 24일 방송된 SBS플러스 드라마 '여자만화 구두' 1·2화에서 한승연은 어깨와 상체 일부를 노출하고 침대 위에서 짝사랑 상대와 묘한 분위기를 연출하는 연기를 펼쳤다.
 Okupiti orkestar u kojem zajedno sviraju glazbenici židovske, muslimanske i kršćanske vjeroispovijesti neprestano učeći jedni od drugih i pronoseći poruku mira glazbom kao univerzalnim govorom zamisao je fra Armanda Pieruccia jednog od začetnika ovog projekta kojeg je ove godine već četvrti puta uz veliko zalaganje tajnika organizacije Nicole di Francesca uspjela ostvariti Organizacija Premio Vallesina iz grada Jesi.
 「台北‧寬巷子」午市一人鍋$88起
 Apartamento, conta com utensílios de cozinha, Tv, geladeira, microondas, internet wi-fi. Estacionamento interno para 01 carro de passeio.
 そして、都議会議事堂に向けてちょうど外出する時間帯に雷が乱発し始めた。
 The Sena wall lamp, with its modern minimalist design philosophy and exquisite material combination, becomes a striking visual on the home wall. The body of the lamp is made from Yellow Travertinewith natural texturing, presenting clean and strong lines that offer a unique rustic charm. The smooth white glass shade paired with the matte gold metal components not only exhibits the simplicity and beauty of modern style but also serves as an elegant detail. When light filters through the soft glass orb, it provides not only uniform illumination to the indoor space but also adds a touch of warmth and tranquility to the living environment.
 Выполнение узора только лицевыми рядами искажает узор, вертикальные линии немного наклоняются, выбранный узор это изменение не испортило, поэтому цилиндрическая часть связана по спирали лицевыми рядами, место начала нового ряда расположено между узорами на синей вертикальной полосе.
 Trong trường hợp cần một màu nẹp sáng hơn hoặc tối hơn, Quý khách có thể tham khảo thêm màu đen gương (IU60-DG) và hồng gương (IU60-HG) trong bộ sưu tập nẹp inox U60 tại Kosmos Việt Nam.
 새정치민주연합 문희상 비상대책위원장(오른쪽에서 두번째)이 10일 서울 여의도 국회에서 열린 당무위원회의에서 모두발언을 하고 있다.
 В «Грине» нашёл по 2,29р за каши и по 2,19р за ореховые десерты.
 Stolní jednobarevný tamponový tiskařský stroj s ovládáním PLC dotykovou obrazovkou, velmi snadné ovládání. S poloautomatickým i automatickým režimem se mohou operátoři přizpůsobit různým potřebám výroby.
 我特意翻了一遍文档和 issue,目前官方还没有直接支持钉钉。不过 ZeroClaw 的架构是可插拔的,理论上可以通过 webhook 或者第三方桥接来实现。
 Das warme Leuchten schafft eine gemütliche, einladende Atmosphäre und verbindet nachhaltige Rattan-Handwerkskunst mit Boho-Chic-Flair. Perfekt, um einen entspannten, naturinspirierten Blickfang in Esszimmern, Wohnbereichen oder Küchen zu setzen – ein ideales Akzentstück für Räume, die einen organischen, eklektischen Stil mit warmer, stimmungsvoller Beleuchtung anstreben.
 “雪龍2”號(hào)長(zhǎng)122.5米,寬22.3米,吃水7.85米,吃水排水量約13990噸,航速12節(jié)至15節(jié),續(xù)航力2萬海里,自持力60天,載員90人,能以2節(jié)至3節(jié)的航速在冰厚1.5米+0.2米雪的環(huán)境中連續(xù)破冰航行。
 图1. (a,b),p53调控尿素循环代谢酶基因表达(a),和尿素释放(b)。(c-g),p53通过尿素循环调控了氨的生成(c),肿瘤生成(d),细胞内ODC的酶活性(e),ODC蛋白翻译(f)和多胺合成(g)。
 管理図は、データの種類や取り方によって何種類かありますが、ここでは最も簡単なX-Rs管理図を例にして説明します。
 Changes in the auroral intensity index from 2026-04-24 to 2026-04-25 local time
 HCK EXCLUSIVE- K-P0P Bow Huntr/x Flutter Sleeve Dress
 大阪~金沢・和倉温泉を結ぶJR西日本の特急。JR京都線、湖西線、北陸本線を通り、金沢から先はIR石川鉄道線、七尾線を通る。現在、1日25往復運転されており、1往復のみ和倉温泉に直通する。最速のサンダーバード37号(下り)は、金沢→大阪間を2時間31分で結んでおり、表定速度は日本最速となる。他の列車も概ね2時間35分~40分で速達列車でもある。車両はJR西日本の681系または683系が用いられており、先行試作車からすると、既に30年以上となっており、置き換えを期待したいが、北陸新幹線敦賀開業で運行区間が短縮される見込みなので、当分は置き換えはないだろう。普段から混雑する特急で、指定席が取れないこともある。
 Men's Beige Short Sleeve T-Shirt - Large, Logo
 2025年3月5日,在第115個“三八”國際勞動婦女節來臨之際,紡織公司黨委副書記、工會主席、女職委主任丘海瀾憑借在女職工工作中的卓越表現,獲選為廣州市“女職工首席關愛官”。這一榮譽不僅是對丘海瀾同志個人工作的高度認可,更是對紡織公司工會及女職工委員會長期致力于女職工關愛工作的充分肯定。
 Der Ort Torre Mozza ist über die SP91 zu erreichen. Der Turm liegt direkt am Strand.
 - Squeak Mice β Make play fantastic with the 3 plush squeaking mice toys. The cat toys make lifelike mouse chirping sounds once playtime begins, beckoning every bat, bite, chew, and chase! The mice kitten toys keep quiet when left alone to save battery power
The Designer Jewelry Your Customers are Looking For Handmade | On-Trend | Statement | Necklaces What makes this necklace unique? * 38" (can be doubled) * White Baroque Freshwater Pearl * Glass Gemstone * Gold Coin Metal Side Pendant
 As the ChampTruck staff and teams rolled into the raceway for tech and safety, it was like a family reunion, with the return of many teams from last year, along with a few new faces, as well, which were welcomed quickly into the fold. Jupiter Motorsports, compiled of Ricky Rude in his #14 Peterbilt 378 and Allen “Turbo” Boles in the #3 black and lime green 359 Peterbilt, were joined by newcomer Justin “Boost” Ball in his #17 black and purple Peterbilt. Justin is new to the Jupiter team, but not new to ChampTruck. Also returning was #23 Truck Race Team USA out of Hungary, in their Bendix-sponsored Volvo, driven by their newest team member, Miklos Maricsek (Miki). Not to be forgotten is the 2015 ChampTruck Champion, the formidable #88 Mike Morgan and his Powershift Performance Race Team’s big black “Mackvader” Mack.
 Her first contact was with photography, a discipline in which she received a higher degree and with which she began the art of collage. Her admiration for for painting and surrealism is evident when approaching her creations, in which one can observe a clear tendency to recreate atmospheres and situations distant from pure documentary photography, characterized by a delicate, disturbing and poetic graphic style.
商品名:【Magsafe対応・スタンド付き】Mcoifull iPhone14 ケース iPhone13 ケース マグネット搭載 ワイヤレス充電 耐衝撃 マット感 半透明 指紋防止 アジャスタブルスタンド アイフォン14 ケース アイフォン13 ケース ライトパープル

————

Could you return exactly the lines above from the line with "2025年3月5日,在第11" to the line with "- Squeak Mice", both included, and nothing else?

 2025年3月5日,在第115個“三八”國際勞動婦女節來臨之際,紡織公司黨委副書記、工會主席、女職委主任丘海瀾憑借在女職工工作中的卓越表現,獲選為廣州市“女職工首席關愛官”。這一榮譽不僅是對丘海瀾同志個人工作的高度認可,更是對紡織公司工會及女職工委員會長期致力于女職工關愛工作的充分肯定。
 Der Ort Torre Mozza ist über die SP91 zu erreichen. Der Turm liegt direkt am Strand.
 - Squeak Mice β Make play fantastic with the 3 plush squeaking mice toys. The cat toys make lifelike mouse chirping sounds once playtime begins, beckoning every bat, bite, chew, and chase! The mice kitten toys keep quiet when left alone to save battery power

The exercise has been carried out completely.